5 Cool Ways Technology Is Transforming Medicine
Technology is changing rapidly. From the development of mobile phones that are basically small computers that we carry around in our pockets to telescopes that can take pictures of objects far into space, there seems to be almost no limit to what innovation and the hard work of scientists can do.
One industry that technology is changing for the better is healthcare, offering faster, better, more affordable care for patients. Here are 5 cool ways technology is changing modern healthcare:
The loss of a small body part, such as an ear or a jaw, used to be handled with a combination of plastic surgery and absence. If a patient had to have part of their jaw removed, for example, a plastic surgeon would do their best to reconstruct as much of the jaw as possible, but the patient would likely have to live with an incomplete jaw.
Thanks to 3D printing, doctors now can recreate a new jaw or other body part, custom-fit to the natural contours of each patient’s face. Doctors have recreated a variety of body parts for patients, including entire joints.
The pieces are safe for implanting surgically under the skin, making them more permanent than older, removable prosthetics. Because 3D printing allows a completely custom design and fit for the individual patient, these implants are far more comfortable than anything available previously. They also are more natural-looking, giving patients the confidence they need to live their lives.
Athletes and weekend warriors swear by their wearable fitness trackers, allowing them to keep track of everything from steps taken to calories burned and water consumed. As the consumer demand for wearable technology devices increases, so do the medical possibilities.
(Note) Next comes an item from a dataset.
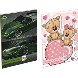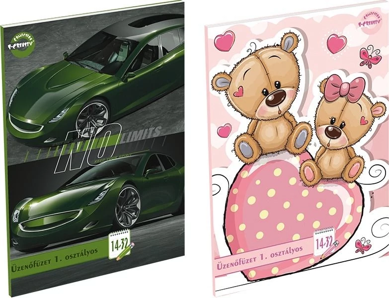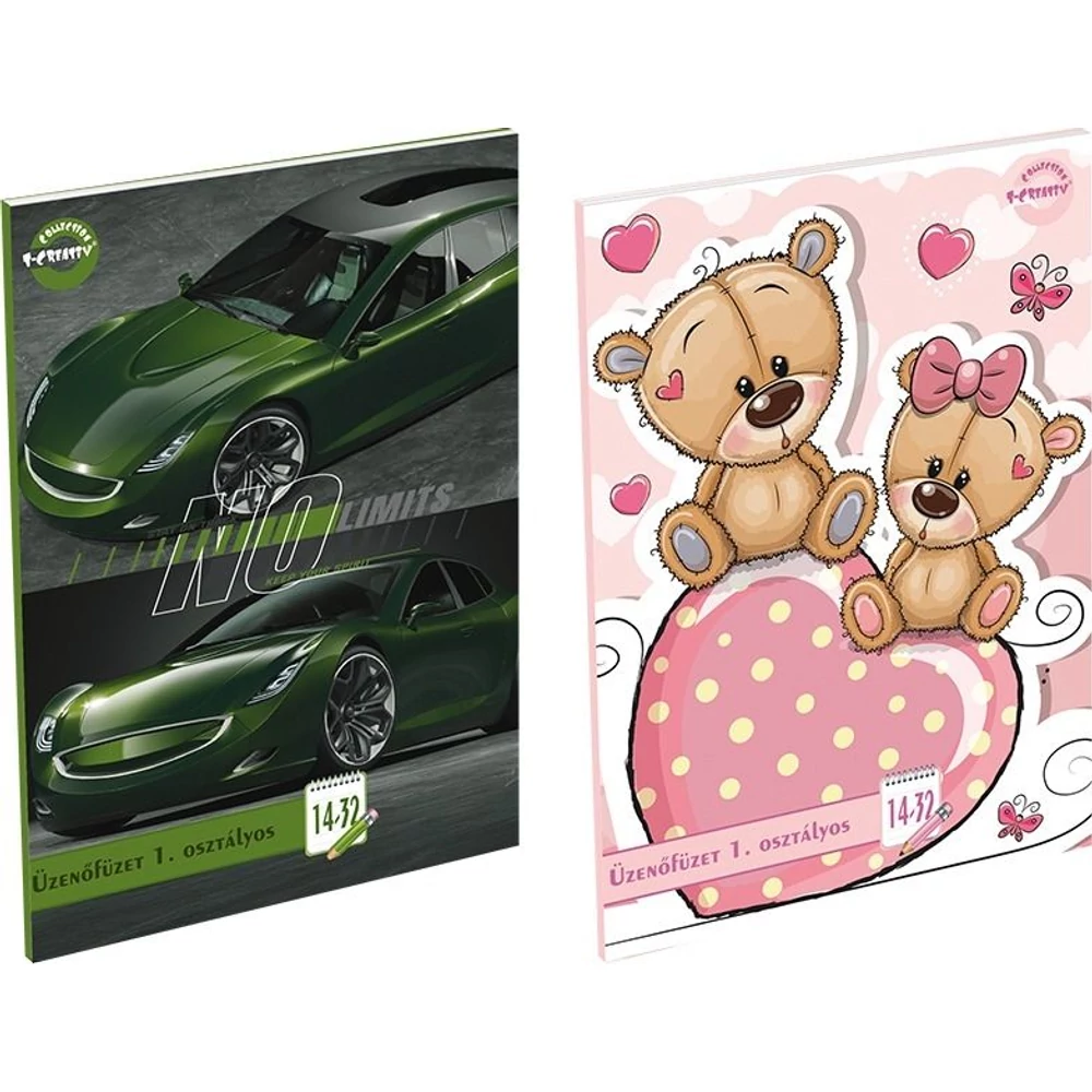 A5-ös méretű, 70g-os hófehér belív. 200 g-os műnyomó borító + fényes fólia. Gyerek grafikával és színvilággal díszített 14-32-es vonalazású üzenőfüzet 1. osztályosok számára.

In late 2018, Apple released its Apple Series 4 Watch with built-in ECG to show wearers their heart rhythms and not just overall heart rate. Within days, users were raving about the new feature, with some saying it helped them catch potentially life-threatening heart conditions they didn’t know they had.
Wearables are currently in use for everything from teaching users to maintain healthy sun exposure habits to guiding the blind on their daily walks, with many more options on the horizon.
When you’re sick, the last thing you want to do is go into a cold waiting room with other sick people, picking up more germs. That’s where telehealth comes in. Rather than going to your doctor for diagnosis of many routine conditions, including bladder infections, pinkeye, and sinus infections, you log into an interface, discuss your symptoms, and get a prescription from a doctor who could be all the way across the country.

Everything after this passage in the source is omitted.